Records from a collection:
·····

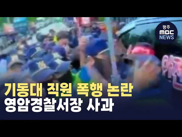 (앵커) 영암경찰서장이 집회 현장에서 기동대 직원을 폭행했다며 이를 규탄하는 온라인 글이 게시돼 논란이 일었습니다.해당 서장은 소음이 심한 환경에서 작전을 전달하기 위해 한 행동이었다며, 자신의 잘못을 인정하고 사과했습니다.김 윤 기자가 보도합니다.(기자)화물연대 조합원들과 경찰관들이 한데 모여 아수라장입...
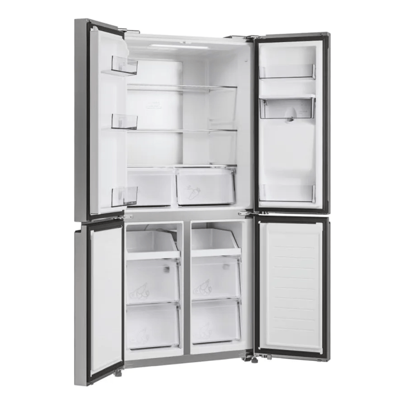 Su interior dispone de estantes de vidrio templado, iluminación LED y dispensador de agua en la puerta, además de amplios cajones para organizar alimentos frescos y congelados. El sistema de puertas múltiples permite abrir únicamente el sector necesario, reduciendo la pérdida de frío. Con eficiencia energética Clase E, es una opción moderna, funcional y elegante para cualquier cocina.
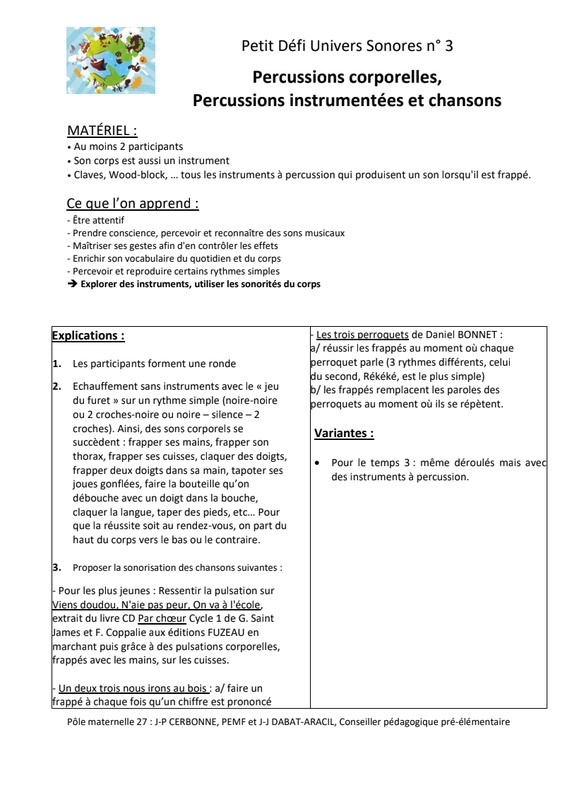 Petit Défi 3 Percussions Corporelles Et Sonorisation De 3 Chansons Jp Cerbonne
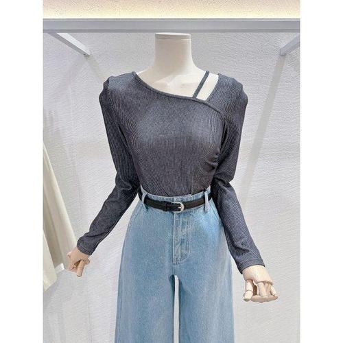 아이엠몽 여성용 슬림핏 헨리넥 랩 골지 긴소매 니트 티셔츠 R6S120
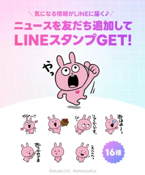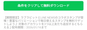 【期間限定】ラブラビットとLINE NEWSのコラボスタンプが登場!豊富なバリエーションで毎日使えるスタンプを無料でゲットしよう♪対象のアカウントを3つ以上友だち追加するともらえる♪配布期間:2026/01/16まで
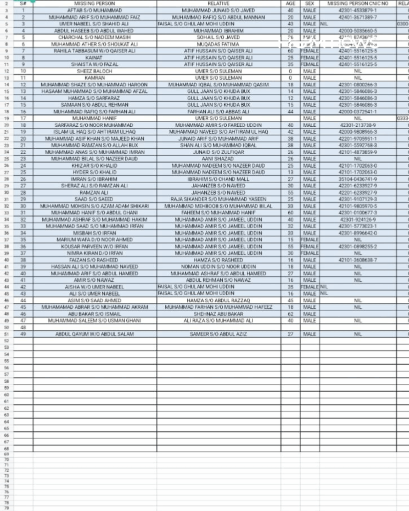 Additional missing persons include Muhammad Mohsin, Muhammad Hanif, Muhammad Ashraf, Muhammad Saad, Misbah, Faizan, Hasan Ali, Muhammad Arif, Aamir, and Ayesha, as well as Asim, Muhammad Abrar, Muhammad Saleem, and Abdul Qayyum.
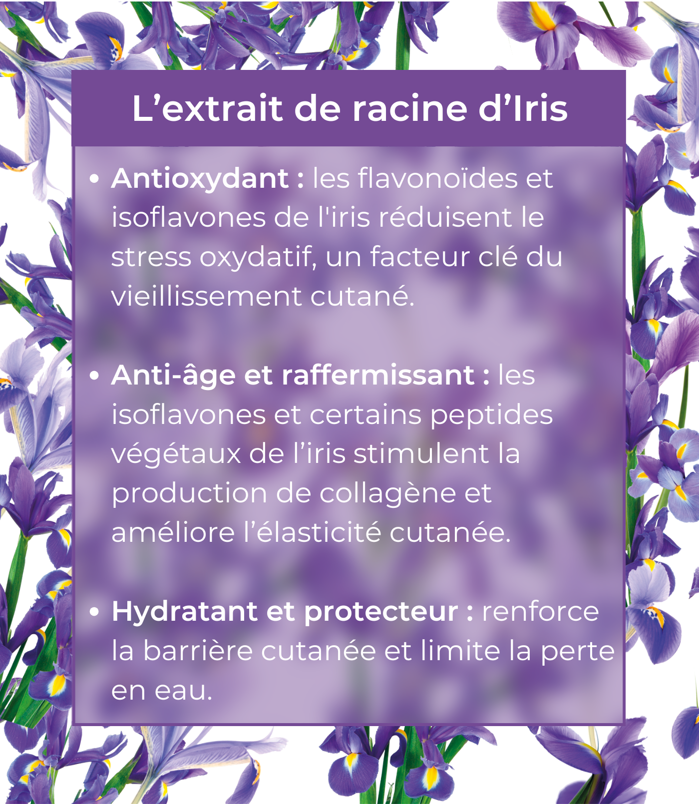 Gracias a las propiedades anti-edad del Extracto de Iris, esta crema mejora el tonicidad y la función barrera de la piel para preservar su juventud.
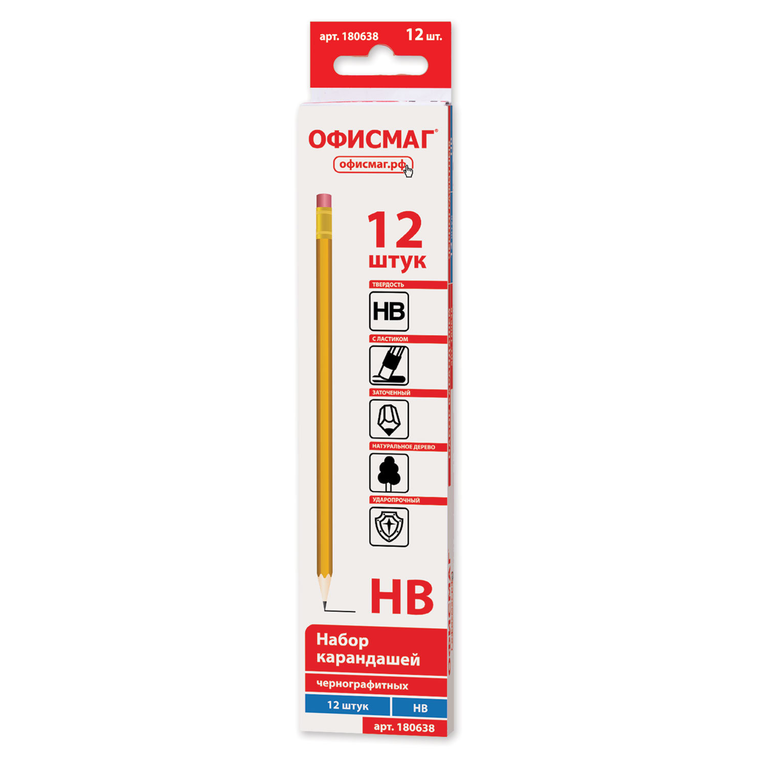 Карандаши чернографитные простые с ластиком HB, ВЫГОДНАЯ УПАКОВКА КОМПЛЕКТ 12 штук, ОФИСМАГ Код товара: 180638 126,75 ₽ Купить Производитель:ОФИСМАГ Набор чернографитных карандашей ОФИСМАГ - первый помощник для выполнения проектно-конструкторских работ, позволяет сделать легкий набросок, быстрый стремительный рисунок или нарисовать полноценную картину. Изготовлены из дерева высокого качества, оснащены ластиком. Имеют шестигранное сечение. Карандаши длиной 190 мм легко точатся и не крошатся. Обладают средней степенью твердости – HB. Диаметр грифеля - 2,05 мм. Выполнены в желтом цвете. Поставляются заточенными.Производство: КитайТвердость: HBЗаточенный: даНаличие ластика: даДиаметр грифеля: 2.05 ммКоличество карандашей в упаковке: 12 шт.Количество твердостей в наборе: 1Серия: ОФИСМАГФорма корпуса: шестиграннаяУдаропрочный грифель: даДлина карандаша: 190 ммМатериал корпуса: деревоЦвет корпуса: желтыйДизайн: без дизайнаКоличество дизайнов в упаковке: 1 шт.Упаковка: картонная коробкаВес: 84 грРазмер упаковки: 1.6 × 21.5 × 4.7 смОбъём: 0.0002 м3Промежуточная упаковка: 12 штТранспортная упаковка: 240 штШтрих-код: 4606224062259 Сертификат-1.jpg Сертификат-2.jpg Сертификат-3.jpg
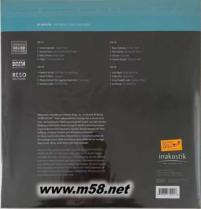 1. 「音準對比」系列 (Reference Sound Edition)是音響界極負盛名的德國「原音(inakustik)」公司數年前所締造的多個高質音效規格的鑑賞專輯,這系列的母盤是採用音準對比製作(RESO Mastering – Reference Sound Mastering),是現今最高解像度技術使原母盤內的音源效果得以改良和提升,清晰透明度更高,動態范圍更寬更廣,低頻更重更深,是音響發燒友夢寐以求的音效,亦受到他們極到讚許。 2. 秉承著這系列的製作方針、的特質和方向,「原音」公司繼續精心炮製最新專輯《優美動聽的情歌(Great Ballads)》,精挑多位享譽國際樂壇,唱功卓越,風格各異的男女歌手、組合和樂隊以清澈嘹亮,感性動人的聲線演繹十六首優美動聽,永恆不朽的情歌。這些歌曲旋律悅耳迷人,配合感性悠揚的歌聲,單從音樂欣賞方面已令人百聽不厭,加上超卓的音效,更加令人回味無窮。 3. 被挑選的歌曲來自多個不同國家的著名唱作人、民歌手、爵士樂和藍調樂歌手、組合和樂隊最具代表性的名曲包括奧地利爵士女伶席夢妮‧科普梅爾(Simone Kopmajer)的《Heart Of Gold(赤子之心)》;加拿大爵士樂隊「猴子屋(Monkey House)」的《Ever Since The World Ended(自從世界末日開始)》、爵士樂天后莫莉‧約翰遜(Molly Johnson) 的《Boogie Street)(布吉舞曲街)》和唱作人伊恩‧托馬斯(Ian Thomas)的《To Comfort You(安撫你)》;英國的菲律賓裔爵士新星卡拉拉(Chlara)的《Come Away With Me(與我共退)》與藍調天王彼德‧艾德頓(PetenAlderton)的《Running For Cover(尋找庇護)》;德國著名樂隊「藍調公司(Blues Company)」的 《If I Only Could(如果祇有我能)》和組合「非凡(Friend 'N Fellow)」的《Gardener(園丁)》及德國籍尼日利亞裔爵士天后陶筠寶(Tokunbo)的《Cast Away(摒棄)》;美國爵士女星卡特琳娜‧扎波尼(Caterina Zapponi) 的《Waiting In Vain(空等待)》和坎迪絲‧史冰斯(Kandace Springs)的《Don't Need The Real Thing)(不需要真實的東西)》、多才多藝女唱作人安娜‧伊麗莎白‧勞伯(Anna Elizabeth Laube)的《Buckets Of Rain(滿載雨水)》和藍調圣手廷斯利‧艾里斯(Tinsley Ellis)的《Autumn Run(秋之疾走)》;來自法國的爵士男神托馬斯‧杜特龍(Thomas Dutronc)攜手與天皇巨星伊基‧波普(Iggy Pop)及戴安娜‧克瑞兒(Diana Krall)共同演繹的《C'est Si Bon(真的太奇妙)》和耀眼的合唱組合「搖擺淑女(Swinging Ladies)」的《Time After Time(反覆地)》與及愛爾蘭民歌巨星盧卡‧布魯姆(Luka Bloom)的 《In My Secret Life(在我秘密的人生里)》等,首首都是精彩絕倫。 4. 一眾歌手與音樂人都各具特色,這專輯以以180克33轉處女雙黑膠唱片為載體,金屬直刻母盤(Direct Metal Master)及后期製作程序由「老虎魚」著名工程師漢斯-約爾格·莫斯克斯(Hans-Joerg Maucksch) 負責操刀,是高質音效的保証。每首樂曲皆能展現高解析度,立體空間感十足,音場開濶,人聲輕鬆自然,強勁或是微弱的細節清晰,樂器演奏音質厚實,線條分明,加上超卓的演繹,大師級的錄音和母盤製作技術,整體效果更為自然真實、層次更為分明,充滿映像式的質感,使你更能聆聽到每一樂曲的真與美,是鑑賞與鑑聽美樂必備之選。
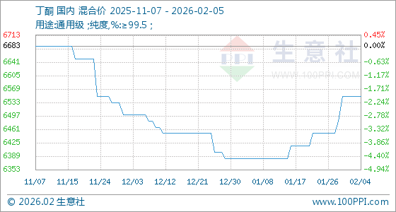 2月5日,生意社丁酮基准价为6550.00元/吨,与本月初持平。
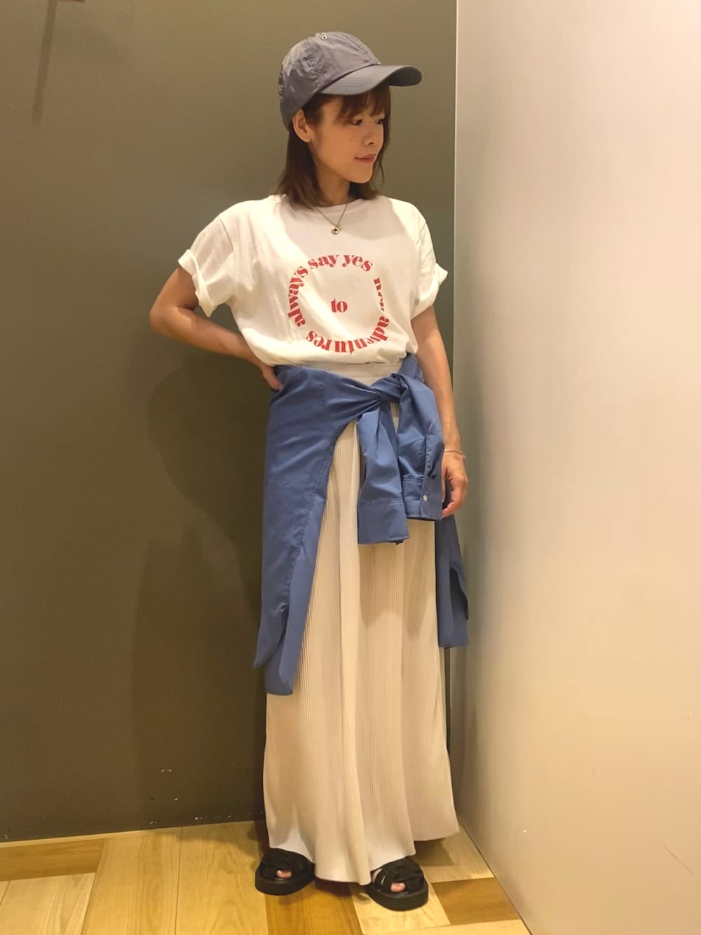 普段のサイズS 着用のサイズF ◯トップス 赤いロゴがカジュアルで可愛いTシャツです♪ ゆとりのある着心地でちょうどヒップが隠れる着丈でしたので、細身のパンツと合わせるのもオススメです。 ◯シャツ 大人っぽくてメンズ感もある落ち着いたブルーのシャツ♪ ただ羽織るだけでなくたすき掛けや腰に巻くスタイル等使い方が幅広いので一枚持っておくと便利です(o^^o) ◯スカート 伸縮性に優れていて履き心地がとても良いスカート です♪ ロゴTなどのカジュアルなトップスに合わせても子供っぽくならないのでオススメです(o^^o) 丈が少し長かったので、ウエストを一回折って履いています。 背の高い方にもオススメです♪ 白は透け感があったのでペチコートを合わせて下さいね(^ω^)
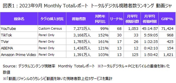 2023年9月のニールセン デジタルコンテンツ視聴率 Monthly Totalレポートによると、動画ジャンルにおけるレシピ動画サービスを除いたサービスのうち、PCとモバイルの重複を除いたトータルデジタルの視聴者数が最も多かったのは「YouTube」で7,273万人が利用していました。続く「TikTok」と「TVer」は、昨年の1.5倍以上に視聴者数を増やし、それぞれ「TikTok」は3,168万人、「TVer」は1,785万人が利用していました(図表1)。
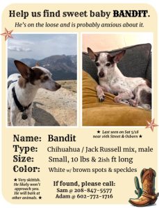 Breed: Chihuahua / Jack Russell mix Color: White with brown spots and speckles
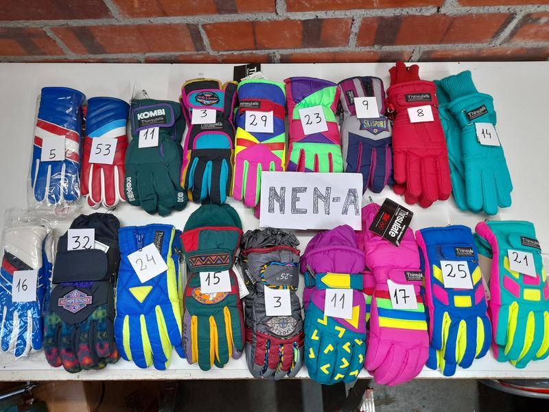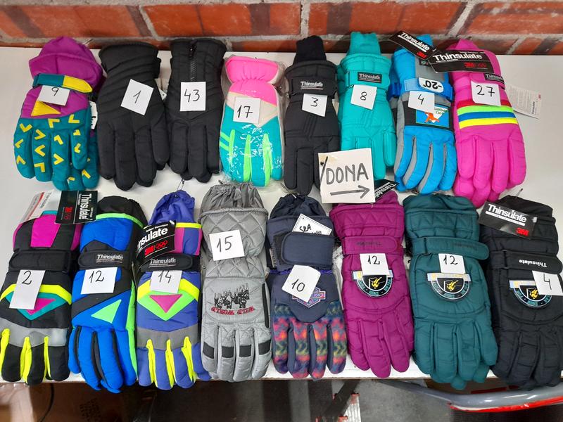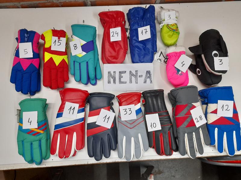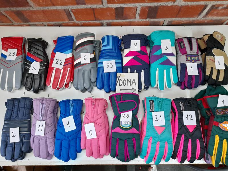 Por jubilacion en el negocio, se vende lote de guantes de sky vintage, compuesto de 338 guantes de tallas de hombre, 380 de tallas de mujer y 507 de tallas infantiles; en las fotos sobre cada guante se muestra la cantidad que hay de cada modelo. El lote sale por 1100 euros

·····

Assigned task: Skip every picture, and restate word for word only the lines above from the line containing "2月5日,生意社丁酮基准价为6550.00元/吨,与本月初持平。" to the line containing "Breed: Chihuahua /", both of them included.

Exercise response:
 2月5日,生意社丁酮基准价为6550.00元/吨,与本月初持平。
 普段のサイズS 着用のサイズF ◯トップス 赤いロゴがカジュアルで可愛いTシャツです♪ ゆとりのある着心地でちょうどヒップが隠れる着丈でしたので、細身のパンツと合わせるのもオススメです。 ◯シャツ 大人っぽくてメンズ感もある落ち着いたブルーのシャツ♪ ただ羽織るだけでなくたすき掛けや腰に巻くスタイル等使い方が幅広いので一枚持っておくと便利です(o^^o) ◯スカート 伸縮性に優れていて履き心地がとても良いスカート です♪ ロゴTなどのカジュアルなトップスに合わせても子供っぽくならないのでオススメです(o^^o) 丈が少し長かったので、ウエストを一回折って履いています。 背の高い方にもオススメです♪ 白は透け感があったのでペチコートを合わせて下さいね(^ω^)
 2023年9月のニールセン デジタルコンテンツ視聴率 Monthly Totalレポートによると、動画ジャンルにおけるレシピ動画サービスを除いたサービスのうち、PCとモバイルの重複を除いたトータルデジタルの視聴者数が最も多かったのは「YouTube」で7,273万人が利用していました。続く「TikTok」と「TVer」は、昨年の1.5倍以上に視聴者数を増やし、それぞれ「TikTok」は3,168万人、「TVer」は1,785万人が利用していました(図表1)。
 Breed: Chihuahua / Jack Russell mix Color: White with brown spots and speckles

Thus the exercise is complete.